Figure 3. The family pedigree of the participants, highlighting the 11 affected patients. Other family members either passed away or declined to participate, preventing us from ruling out their involvement.

Our patients predominantly exhibited elevated plasma normetanephrine concentrations while maintaining normal metanephrines levels, which is in line with prior studies suggesting that individuals with VHL disease typically exhibit elevated plasma normetanephrines levels exclusively, as indicated in previous research [Citation16,Citation17].

Out of the eleven patients, two presented with bilateral pheochromocytoma. Ophthalmologic examinations were conducted on all patients, and none of them exhibited retinal hemangioblastomas.

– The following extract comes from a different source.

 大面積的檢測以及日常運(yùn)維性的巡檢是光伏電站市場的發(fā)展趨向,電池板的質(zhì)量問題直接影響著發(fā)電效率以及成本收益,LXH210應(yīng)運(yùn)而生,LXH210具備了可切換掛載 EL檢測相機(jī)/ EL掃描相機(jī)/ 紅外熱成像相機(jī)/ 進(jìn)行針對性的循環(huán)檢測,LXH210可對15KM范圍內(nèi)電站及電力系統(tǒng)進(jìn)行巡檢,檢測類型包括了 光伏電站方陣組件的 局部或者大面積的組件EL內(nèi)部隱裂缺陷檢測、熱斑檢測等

Head CT scans revealed no signs of hemangioblastomas in any of the patients, and abdominal CT scans showed no presence of renal cell masses, pancreatic tumours, or any other abnormalities, except for the adrenal masses/pheochromocytomas.

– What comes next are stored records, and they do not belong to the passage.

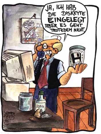 T: (nach einigen Sekunden des angestrengten Überlegens) " Ja wissen Sie, das ist so: das war kein Fehler im Windows, sondern das lag an den Kabel-Kapazitäten durch die Leitungsführung nach vorne, da gab es Störungen, und deshalb wurden bei den Seriengeräten die Stecker für den Bus nach hinten gesetzt, nämlich hierher." (dreht den Rechner um und zeigt mir die USB-Stecker) "Wenn Sie die Stecker an besser erreichbarer Stelle brauchen, können Sie das mit einer Dreiersteckdose machen wie beim Strom, nur daß die etwas mehr kostet" (geht zu einem Regal, will mir wohl einen USB-Hub zeigen, erwischt aber stattdessen einen Ethernet Mini-Hub)
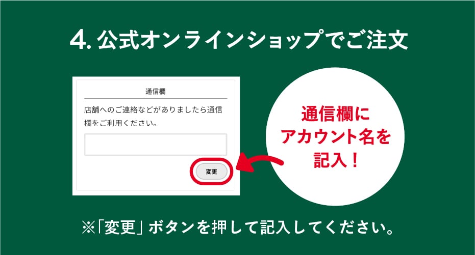 4.公式オンラインショップの商品ページで、写真送付の選択項目から「送付しました」を選択。 カートに入れ、通信欄にアカウント名を入力しご注文(アカウント名の入力がない場合はご注文をキャンセルします)
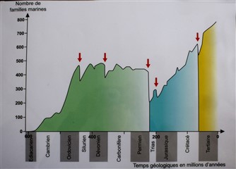 ![]() Les cinq grandes extinctions depuis le Paléozoïque Photo J.-L. Fromont |
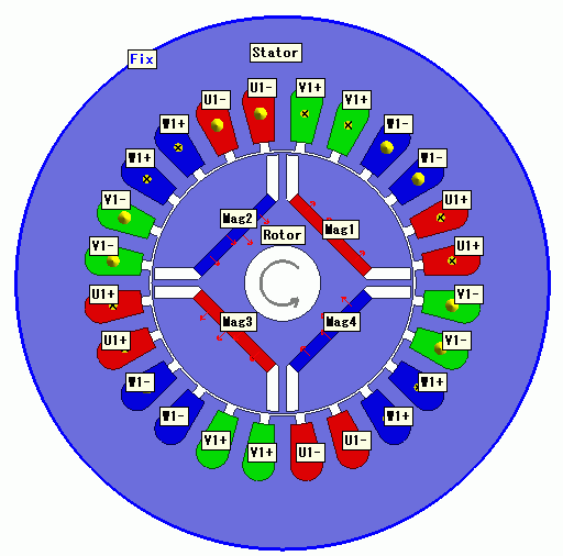 ステップ数が90で、周方向メッシュ分割角度が1.0[deg]、1ステップ当たりの回転量が1[メッシュ]ですので、機械角で90*1.0*1=90[deg]まで回転させる解析となります。

Two of our patients experienced recurrent left adrenal pheochromocytoma. One recurrence occurred four years after the initial resection, while the other recurred within a year. This aligns with the earlier observations of an increased recurrence rate in patients with pheochromocytoma linked to genetic disorders [Citation18,Citation19].

Our study has some limitations. Despite making multiple attempts, asymptomatic non-hypertensive family members declined to participate in screening procedures. Their involvement could have been valuable in dispelling doubts regarding the pathogenicity of this novel VHL type 2 C genetic variant.

Conclusion

In this study, we disclose the identification of a novel genetic variant in a Jordanian family, affecting eleven family members with pheochromocytoma associated with VHL disease. This finding underscores the importance of screening family members and contemplating genetic testing for individuals newly diagnosed with pheochromocytoma and could enhance our comprehension of the potential adverse consequences associated with VHL germline mutations.

Consent form

We obtained consent for publication from all the participants.

Acknowledgements

We want to express our gratitude to all the participants who voluntarily enrolled in this study.

Disclosure statement

No potential conflict of interest was reported by the author(s).

Data availability statement

The data supporting the results of this study can be requested from the corresponding author, Dr. Hussein Alhawari, MD.

Additional information

Funding

No financial support was received by the authors for this study.